Hi ,
Following patch restricts TREE_CPU RCU implementation only for !PREEMPT
SMP kernel.
http://git.linux-mips.org/?p=linux.git;a=commit;h=687d7a960aea46e016182c7ce346d62c4dbd0366
CONFIG_TREE_PREEMPT_RCU option seems to be not working for SMTC kernel
( which will be only available RCU implementation for SMTC kernel from
2.6.37 onwards) .
With no forced preemption and selecting TREE_CPU I am able to boot
further to the hang that I have reported.
Thanks
Anoop
On Sat, 2011-01-01 at 00:42 -0800, Kevin D. Kissell wrote:
> At this point the logical thing to do would seem to look at your kernel
> image and disassemble smtc_ipi_replay(), which is where the EPC of VPE 0
> shows the last exception to have been taken. That's a critical SMTC
> routine that gets called whenever an xxx_irq_restore() enables
> interrupts, so that virtual per-TC IPI interrupts that were posted while
> the TC had interrupts disabled can be handled deterministically. As I
> mentioned in an earlier message, there was some cleanup work from David
> Howell that changed a number of irq management-related function names
> and prototypes across all architectures, which went into linux-mips.org
> at very roughly the time of the breakage. The SMTC overlay over the irq
> implementation has been pretty robust, but it's written in a perhaps
> doomed attempt to be both efficient and using a maximum amount of common
> code with the general case. A mechanical or semi-mechanical change
> could conceivably have broken things.
>
> Regards,
>
> Kevin K.
>
>
> On 12/31/2010 4:27 AM, Anoop P A wrote:
> > Hi ,
> >
> > Kernel hangs on stop_machine call.
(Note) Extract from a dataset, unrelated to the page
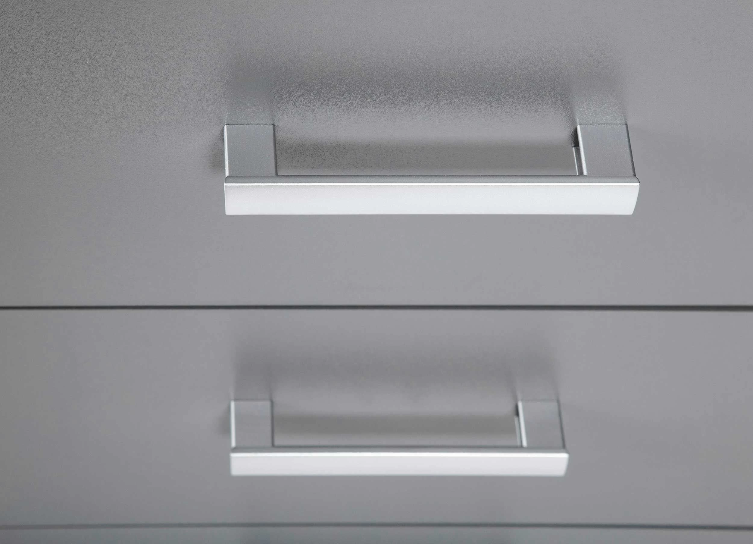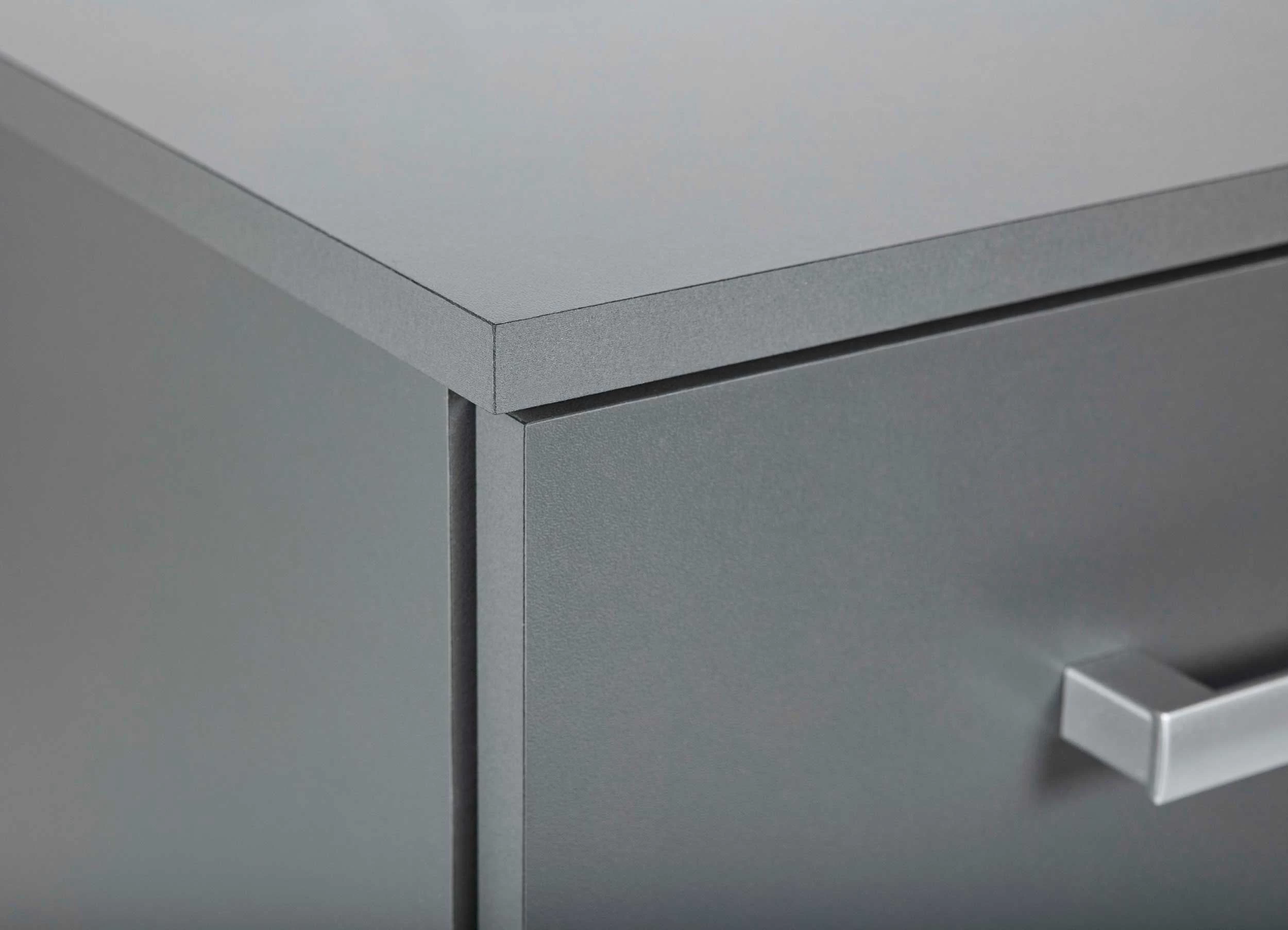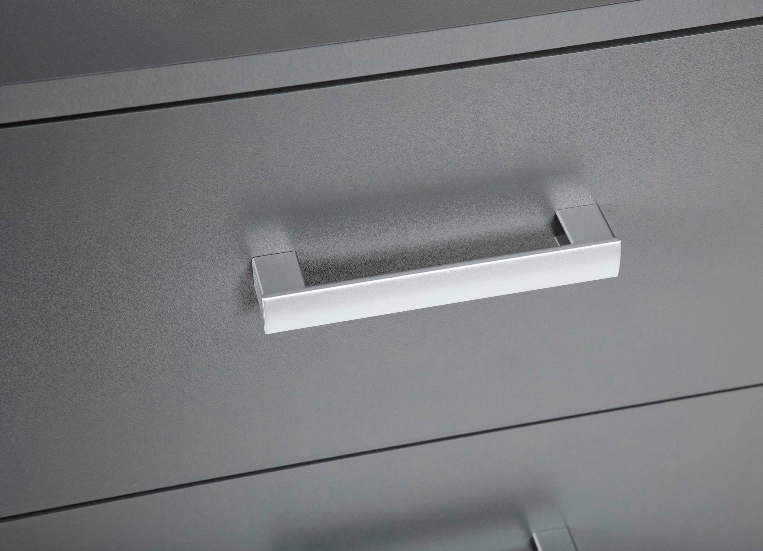 Ce caisson à tiroirs Eden est équipée de quatre tiroirs, dans lesquels vous pouvez facilement ranger des papiers ou tout autre matériel de bureau. Ce meuble est en gris graphite avec des poignées en finition gris argenté. Combinez ce meuble avec le bureau Eden et les autres meubles de la collection Eden.

Please find mt reg dump below.
> > Another important observation is even though 2.6.33 kernel + stackframe
> > patch well passes calibration hang , I am still unable boot in to a
> > initramfs root ( verified ramfs working with VSMP). So it looks like
> > still some issue to fix between 2.6.32 and 2.6.33 .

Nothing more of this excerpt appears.